Yesterday was a strange day in the market. We saw what appears to be a flight to quality - the selloff in equities led to significant gains in bonds. What's even stranger is that Gold rose the face of a rising dollar. Normally, a rising dollar is bad for commodities and precious metals such as Gold. GLD the ETF proxy for Gold gained from 112 to 114 despite the Dollar Spot Index Futures' massive gains from 81.3 to 82.7. This indicates an influx of money towards gold and gold funds. Also, notice in the chart below TLT the ETF proxy for longer term bonds broke above a descending trendline. This is a bullish indication for bonds indicating lower rates are here to stay for at least the short term. This is largely due in part to banks assisting the Fed in treasury purchases after the end of the treasury purchase program. This is largely needed to fuel the little bit of what's being called a housing recovery. Longer-term, the scenario for interest rates still looks bearish as the risk on higher longer term interest rates looms. Here are the charts for GLD, TLT, and /DX aka Dollar Index Futures.

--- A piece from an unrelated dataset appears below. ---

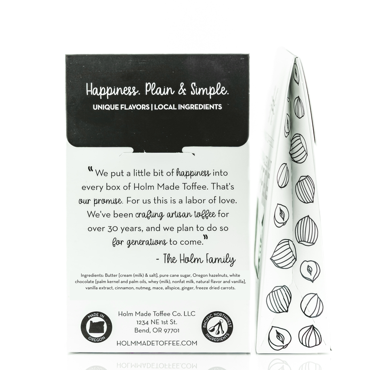 DESCRIPTION: This festive Easter treat is sure to have you hopping! Unique, unexpected...and delicious. These award winning toffee topped with creamy white chocolate, baking spices, and freeze dried carrots. Finished off with roasted Oregon hazelnuts. It's sure to be a crowd pleaser this Easter! Contains no gluten, soy, corn syrup or preservatives. It's Happiness. Plain & Simple! Each bag contains 4oz and is made with high quality, locally sourced ingredients. Shelf life is 6 months, with clearly marked 'best by' dates on each unit. Best if kept cool and dry to maintain maximum freshness and 'crunch factor'.
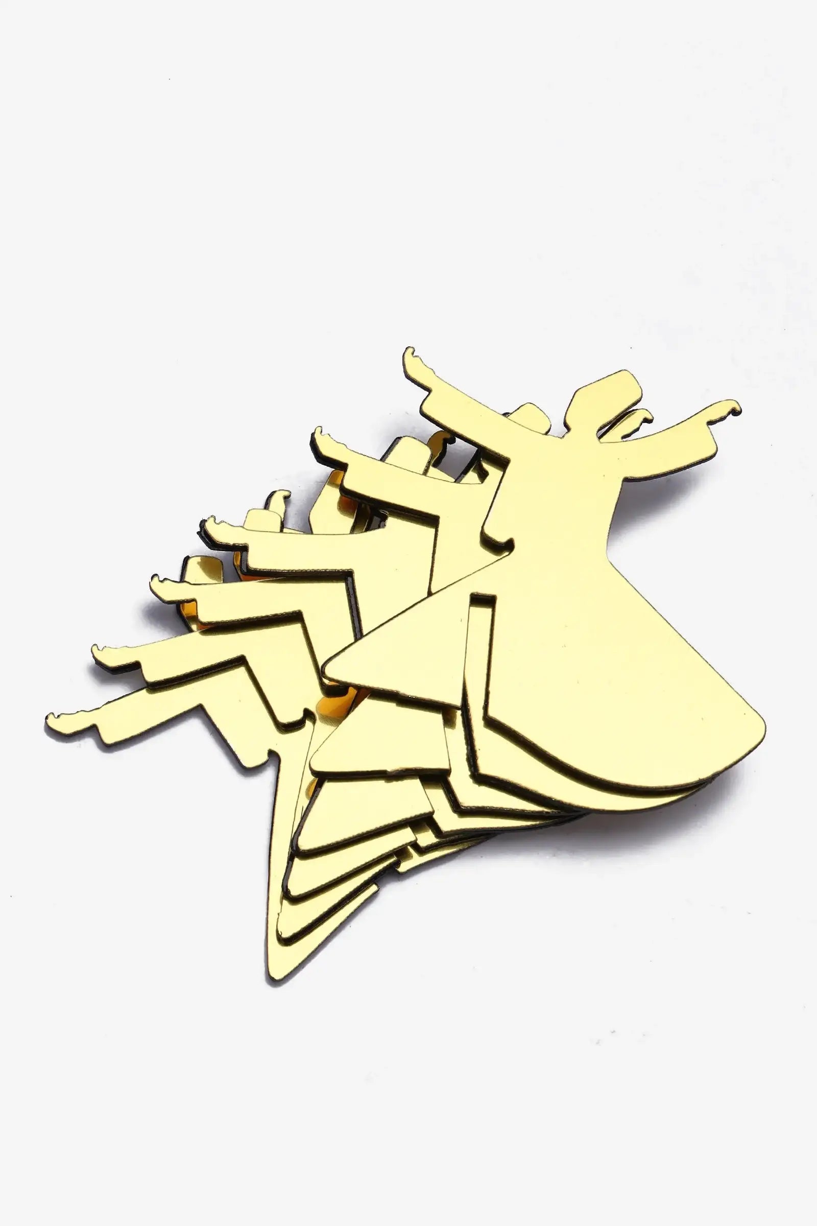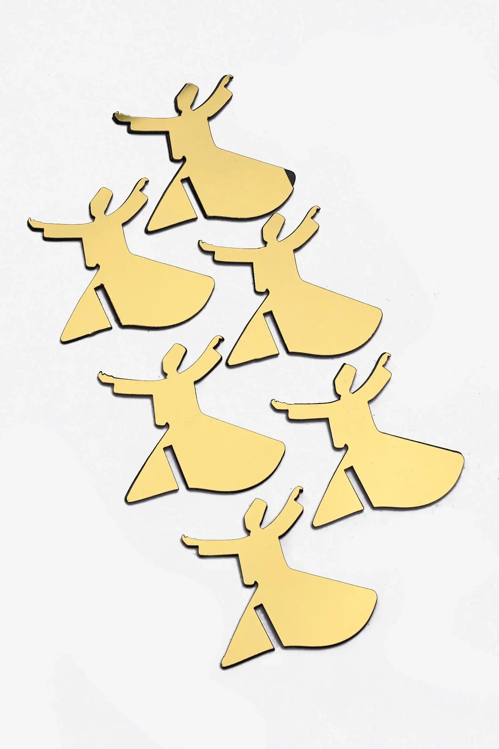 Celebrate spiritual elegance with this Dervish Set, featuring 6 intricately designed pieces inspired by the graceful whirling dervish silhouette. Crafted from a glossy gold-toned material, each piece captures the fluid motion and mystique of Sufi dancers, symbolizing unity, peace, and inner balance. These artistic figures are perfect as decorative accents for your home, event settings, or creative projects, adding a unique cultural and spiritual charm wherever they are displayed. Lightweight and easy to arrange, they make a meaningful addition to any décor collection.

Volatility came back to the market on Tuesday as the VIX:Volatility Index also jumped above a bearish descending trendline. My initial reaction was that naturally news of a country going insolvent and needing a bailout would cause a bit of a panic - which would explain the flight to quality we saw into gold and bonds and ultimately the US Dollar amid a weakening Euro. However, Greece, Spain, & Portugal are relatively small issues for the US Markets, unless we're expected to be involved. The 60B that Greece is asking for is nothing compared to what was handed out to US Banks last year. My suspicions on this were confirmed as today the market rebounded slightly back into the green. Although we're not out of the woods yet, this recent pullback could have just been the signs of the market taking a breather. Note GS was green yesterday and today despite the selloff and all the negative press they have been getting. Below is the charts for VIX and S&P 500. Note on the SPX chart, there are similarities on the candles preceding declines, though none have managed to change the prevailing bullish trend. I've underlined the next major support and potential target of 1055 should the market fall under its current trendline support (middle of channel). The SPX would need to hold in the 1160-1170 area which coincides with the 50 Daily Moving Average (blue line) to keep the trend in tact.
I was stopped out of my SPX long position at 5 points of profit. Although I do believe until we hit the levels indicated above, I still believe the primary trend is in tact. Therefore, I reentered my position at 1180. As a matter of fact, I used the opportunity on yesterday's decline to add to my CIM and GLD positions as well. I entered GLD at 112.